• _Task to complete_
Write out every line exactly, from the start of the records below to the line with "近年來,臨安區(qū)大力推", and stop there. Don't write out the pictures.

• _Recorded information_

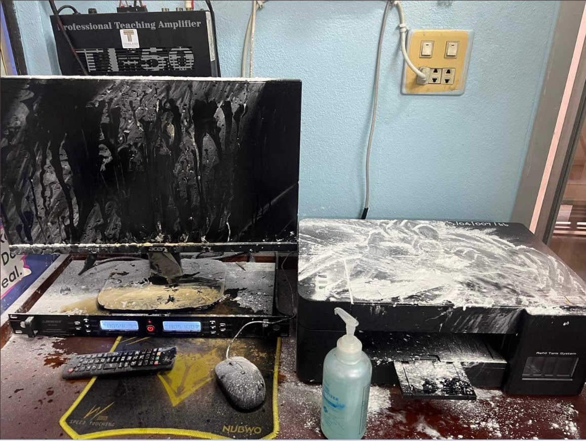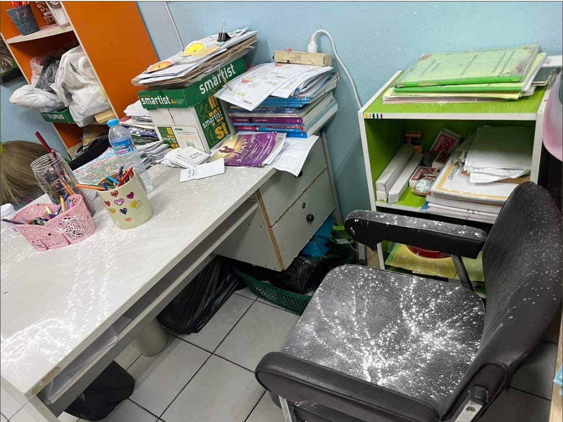 ข้าวของของโรงเรียนเสียหายมาก คอมพิวเตอร์โดนตัดสาย เอาค้อนทุบจอแตกหมดทุกเครื่อง เครื่องปริ้นก็เอากาวเท รวมทั้งโต๊ะครูด้วย สมุด หนังสือเรียนโดนเผา
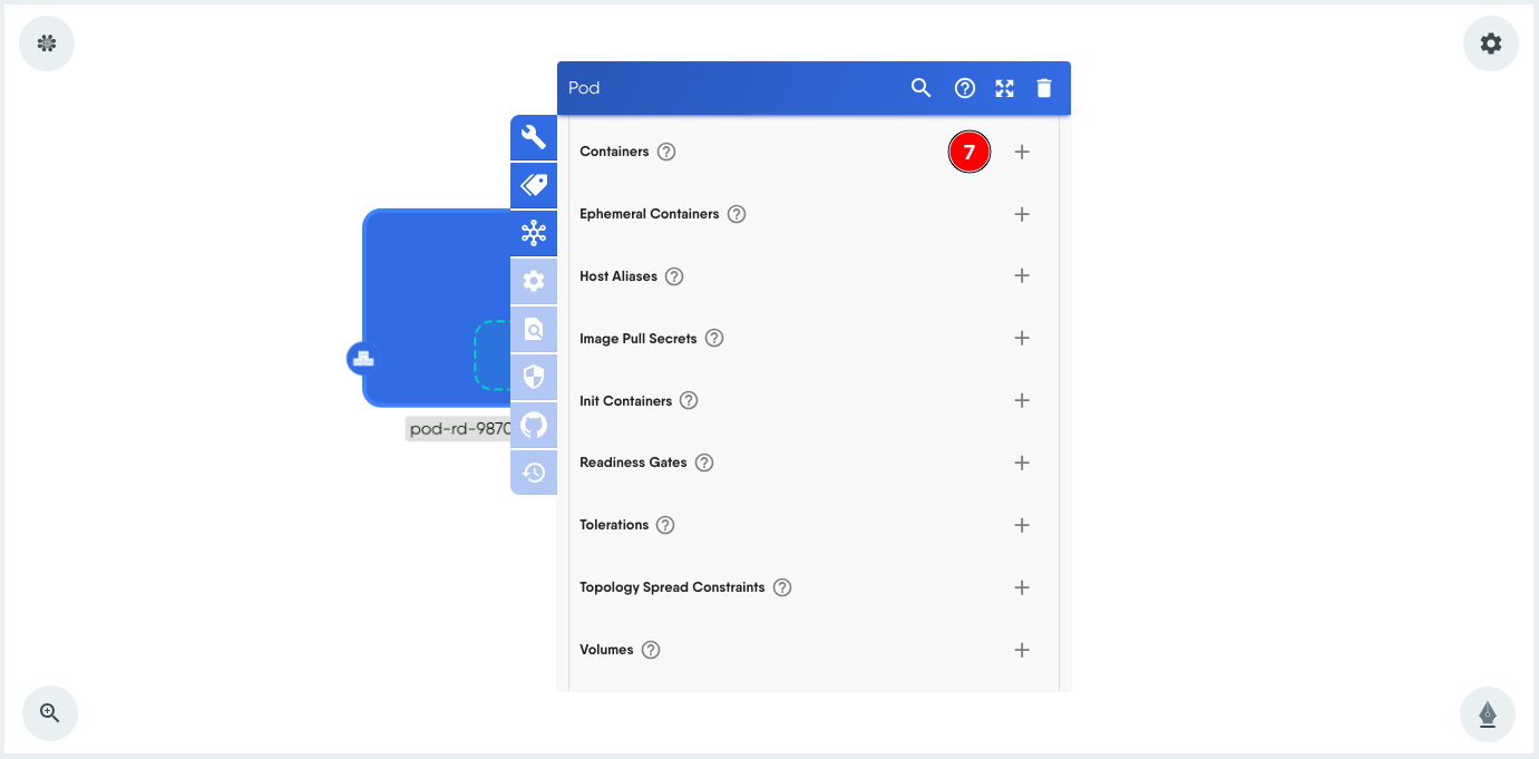 - Scroll down within the Pod configuration modal to the Containers section. Click + to add a container.
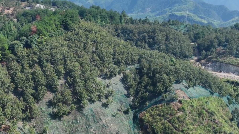 近年來,臨安區(qū)大力推廣張網(wǎng)采收,在昌化鎮(zhèn)白牛村西谷坪經(jīng)濟(jì)林林場(chǎng),一張張綠色的網(wǎng)像地毯一樣鋪滿山頭。
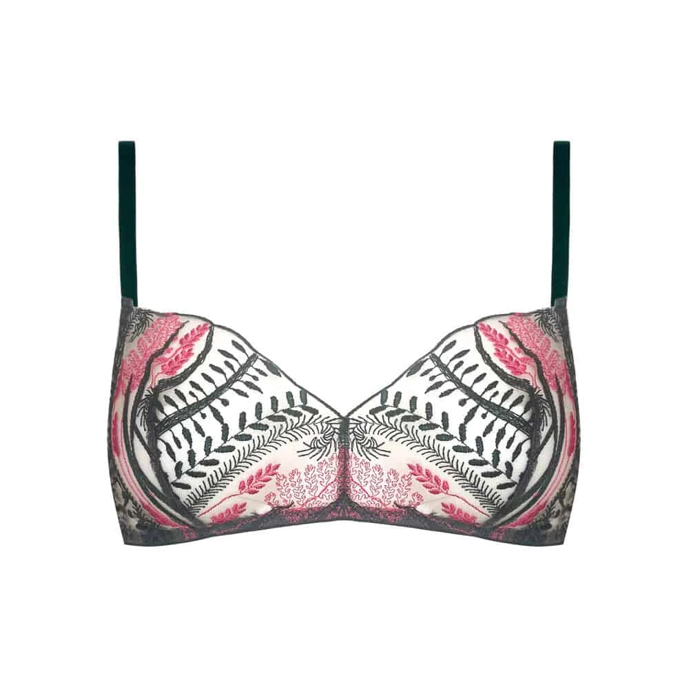 Telle une déesse de l’océan, retrouvez votre enchanteresse intérieure avec Alaria. La broderie inspirée des tiges vertes et rose vif des algues de l’océan surfe sur le tulle transparent et délicat. Décorez votre buste avec des algues feuillues et des tiges rose vif. La bralette Alaria est parfaite pour se prélasser et conçue pour le confort. Le dos a des bretelles réglables, vous assurant d’obtenir l’ajustement souhaité. Fermoir doré gravé Posie. Sentez vous en confiance avec le Soutien-gorge souple sans armatures Alaria Posie
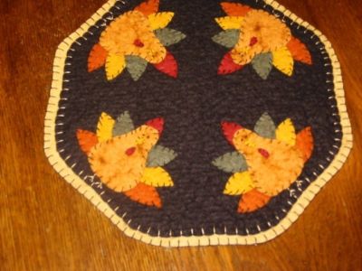 Primitive Candle Mat -Woolfelt Penny Rug-Turkey 10""
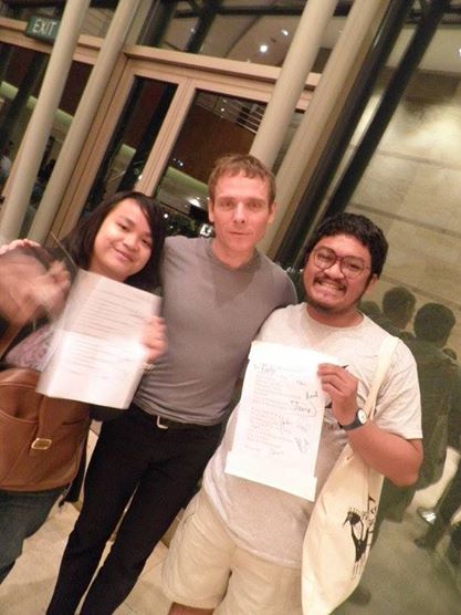 Yang terakhir adalah Stuart! Haha. Sepertinya, semua orang inginnya bercengkerama dengan dirinya. Saya sendiri memilih untuk tidak terlalu antusias. Tapi Abazh, rasanya antusias sekali. Akhirnya, kami mengambil gambar berdua dengan dia.

• _Answer to this exercise_
 ข้าวของของโรงเรียนเสียหายมาก คอมพิวเตอร์โดนตัดสาย เอาค้อนทุบจอแตกหมดทุกเครื่อง เครื่องปริ้นก็เอากาวเท รวมทั้งโต๊ะครูด้วย สมุด หนังสือเรียนโดนเผา
 - Scroll down within the Pod configuration modal to the Containers section. Click + to add a container.
 近年來,臨安區(qū)大力推廣張網(wǎng)采收,在昌化鎮(zhèn)白牛村西谷坪經(jīng)濟(jì)林林場(chǎng),一張張綠色的網(wǎng)像地毯一樣鋪滿山頭。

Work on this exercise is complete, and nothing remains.